The North Tyrrhenian–Northern Apennines post‐collisional system: constraints for a geodynamic model

Abstract

The North Tyrrhenian–Northern Apennines post‐collisional system (NTAS) has been analysed on the basis of marine reflection profiles and bibliographic sources with the aim of providing an up‐to‐date geotectonic and evolutive framework consistent with structural data. The continental rifting began to affect the most internal (western) side of the system in the middle (?)‐upper Miocene, while the most external (eastern) zones were touched by rifting only in Pleistocene times. The birth and development of extensive, asymmetric basins took place with a progressive speeding up of rifting towards the external sectors.A diachronous, regionally extended and eastward rejuvenating unconformity, recognizable within the Neogene–Quaternary basins, marks the passage from the syn‐rift to the post‐rift tectonic regime. While the first is everywhere dominated by extension, the second one produces vertical movements. Reflection terminations related to this unconformity are interpreted in terms of vertical tectonic component.
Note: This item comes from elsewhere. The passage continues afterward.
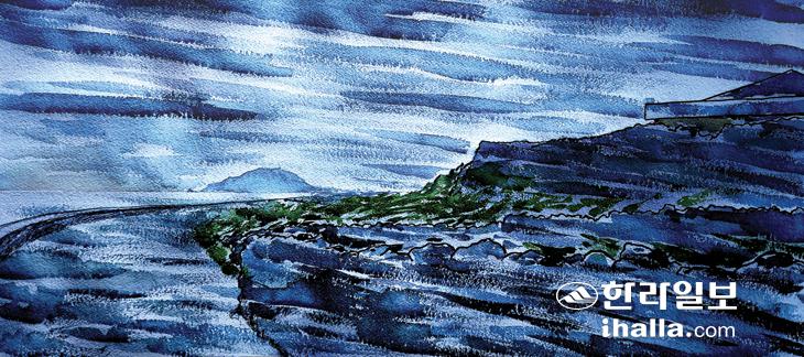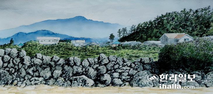 그리는 도중에 생각하였다. 저 백록담도 이 앞에 돌담 크기만 하구나! 아무리 커도 멀리 있으면 작아지는 것. 이를 어찌 원근법의 이치로만 생각할 것인가. 아주 작은 것도 가까이 두면 크게 느껴지는 마음을 그리려 하였다. 오후 5시의 태양 아래 멀리 한라산 능선에는 구름이 끼어 있고, 오전에 비가 와서 그런가 아직도 대기는 습도가 있어 안개구름이 은은하다. 마치 동양화의 산을 연상시키는 장면이라 실질적인 거리를 느낄 수 있어서 좋았다. 특징적인 관찰이 있다면 돌담의 석질이 너무도 다양하다는 것이다. 하여, 마을에 중장비 일을 하시는 분의 고견을 청취하였다. 아니나 다를까. 마을 안에 밭이나 들을 파서 암반들을 보면 너무도 다양한 모습이라고 한다. 널개 오름이 솟아나며 출렁거렸을 땅과 용암을 떠올리는 즐거움을 아이러니 하게도 이 그림 속에서 발견하려 하고 있다. 집들의 평화로운 배치를 즐거운 마음으로 그릴 수 있어서 행복.

Three zones that experienced different post‐rift vertical movements are thus recognized in the NTAS: subsidence in the North Tyrrhenian deep water region; tectonic stability or alternation of moderate subsidence and uplift in the continental shelf and western Tuscany, strong uplift in eastern Tuscany.The updated structural data demonstrate that the NTAS upper crust is crosscut by both Tyrrhenian‐dipping and Apennine‐dipping low‐angle detachment planes, above which the upper crustal blocks rotated and experienced extensional transport along two opposite directions: to the west and to the east, respectively. The coexistence of opposite‐dipping crustal surfaces bears two fundamental implications for the NTAS geodynamics. First it stresses the importance of the anti‐Apennine transfer faults, since they separate crustal blocks of opposite extension polarity. Secondly, it testifies that the extension tectonics not only re‐utilized former crustal thrust planes, but also gave origin to new significant E‐ and NE‐dipping detachment planes.Plan and crossview geometries of faults, together with considerations on the role of the metamorphic core complexes, point to an interpretation of the NTAS structure that is more consistent with the ‘anastomosing shear’ model rather than the 'simple shear' or the ‘delamination’ ones.